Dixon v. Conway

425 S.E.2d 651 | Ga. | 1993

262 Ga. 709 (1993)
425 S.E.2d 651

DIXON et al.
v.
CONWAY.

S92A1443.

Supreme Court of Georgia.

Decided February 5, 1993.

Clarence L. Martin, for appellants.

Wiseman, Blackburn & Futrell, James B. Blackburn, Jr., Douglas M. Robinson, for appellee.

HUNT, Presiding Justice.

The Dixons sought to redeem real property sold at a tax sale and *710 filed suit for legal and equitable relief to compel Conway to convey by quitclaim deed whatever interest in the Dixons' home he had acquired by the sheriff's tax deed. The trial court granted Conway's motion to dismiss. We reverse.

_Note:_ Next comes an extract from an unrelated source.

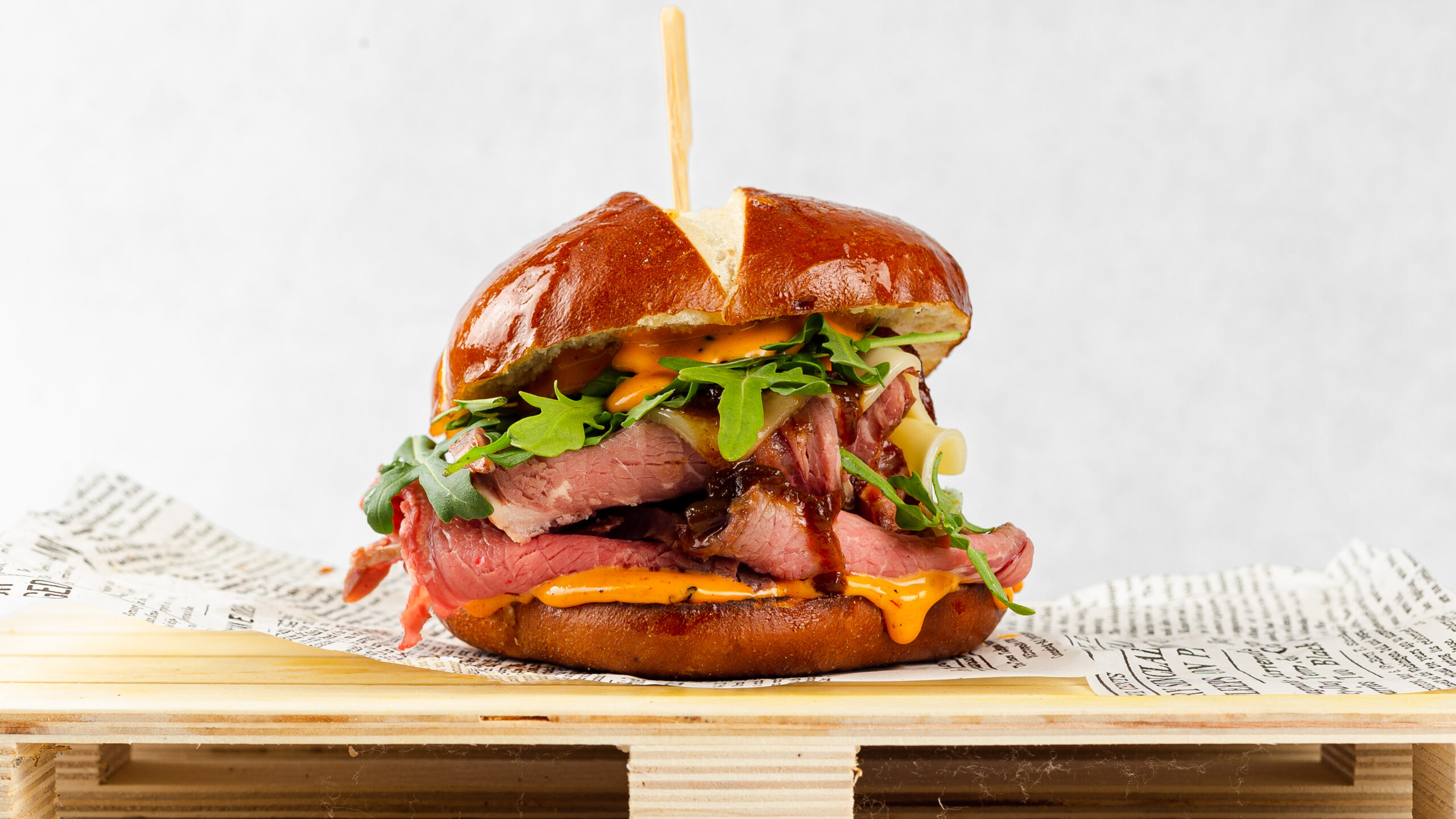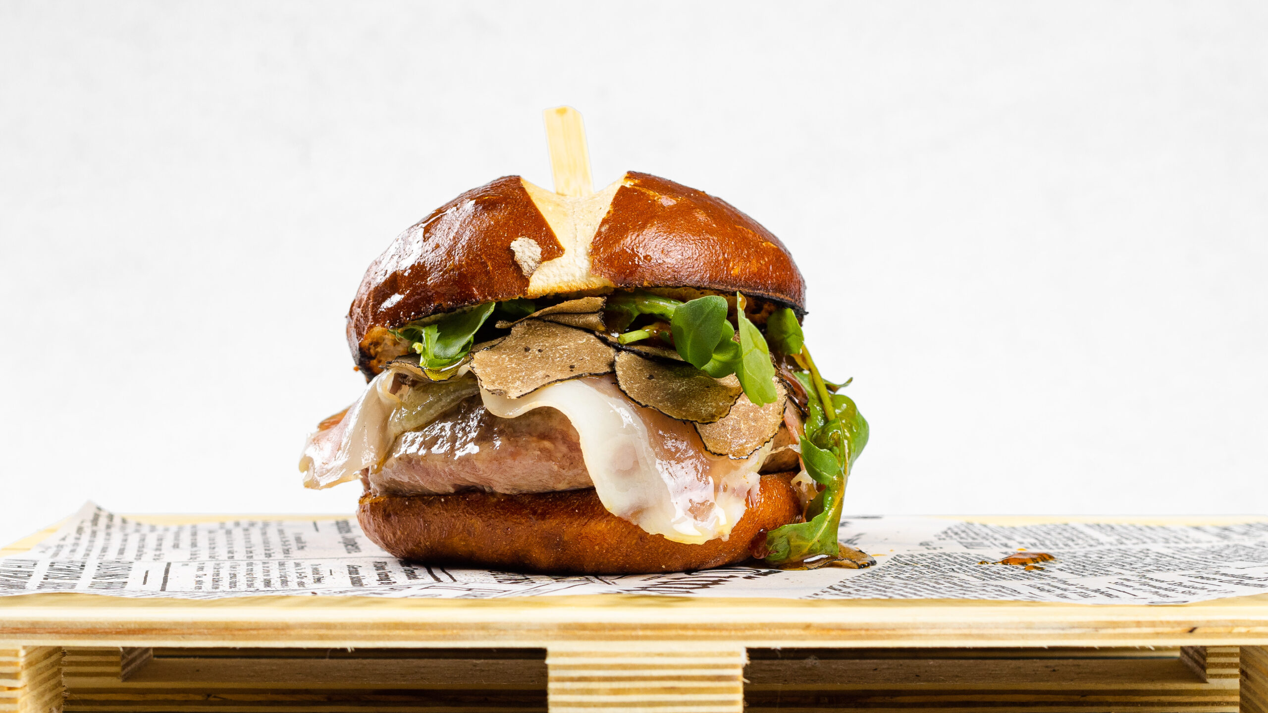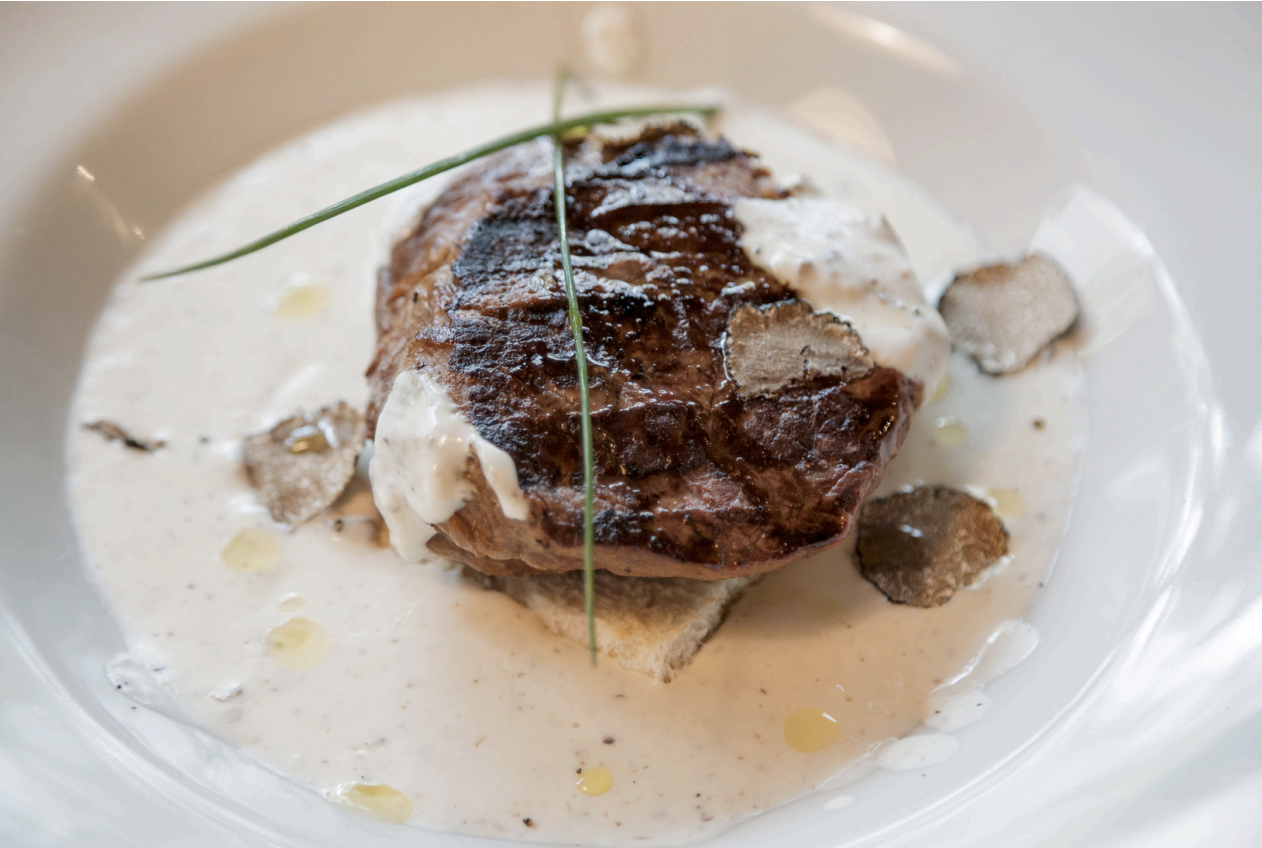 Lye bun,200g dry-aged black angus beef, peccorino, ombolo slices, aragula, fresh truffles, apricot cream, chef’s sauce.

The Dixons contend that because Conway failed to follow the notice requirements of OCGA § 48-4-46, Conway's motion to dismiss should not have been granted. OCGA § 48-4-46 requires a purchaser at a tax sale to deliver to the sheriff of the county in which the land is located the notice and a list of persons to be served at least 45 days before the date set in the notice for the expiration of the right to redeem. Within 15 days of delivery to him, the sheriff is required to personally serve notice on the persons included on the list. Thus, persons on the list are entitled to receive notice of the foreclosure of the right to redeem at least 30 days in advance of the final date. Laws of this state governing the right to redeem are to be construed liberally and most favorably to persons allowed by the statute to redeem. Union Central Life Ins. Co. v. Bank of Tignall, 182 Ga. 233, 235 (185 S.E. 108) (1935). James Dixon was served on March 9, 1992; the notice of the bar of redemption listed March 31, 1992 as the final redemption date. As James Dixon was not provided advance notice of 30 days as required by the statute, the bar of redemption must be set aside and the Dixons must be given an opportunity to redeem the property.

Our resolution of this point makes consideration of the remaining enumerations of error unnecessary.

Judgment reversed. Clarke, C. J., Benham, Fletcher, Sears-Collins, JJ., and Judge Ben J. Miller concur; Hunstein, J., not participating.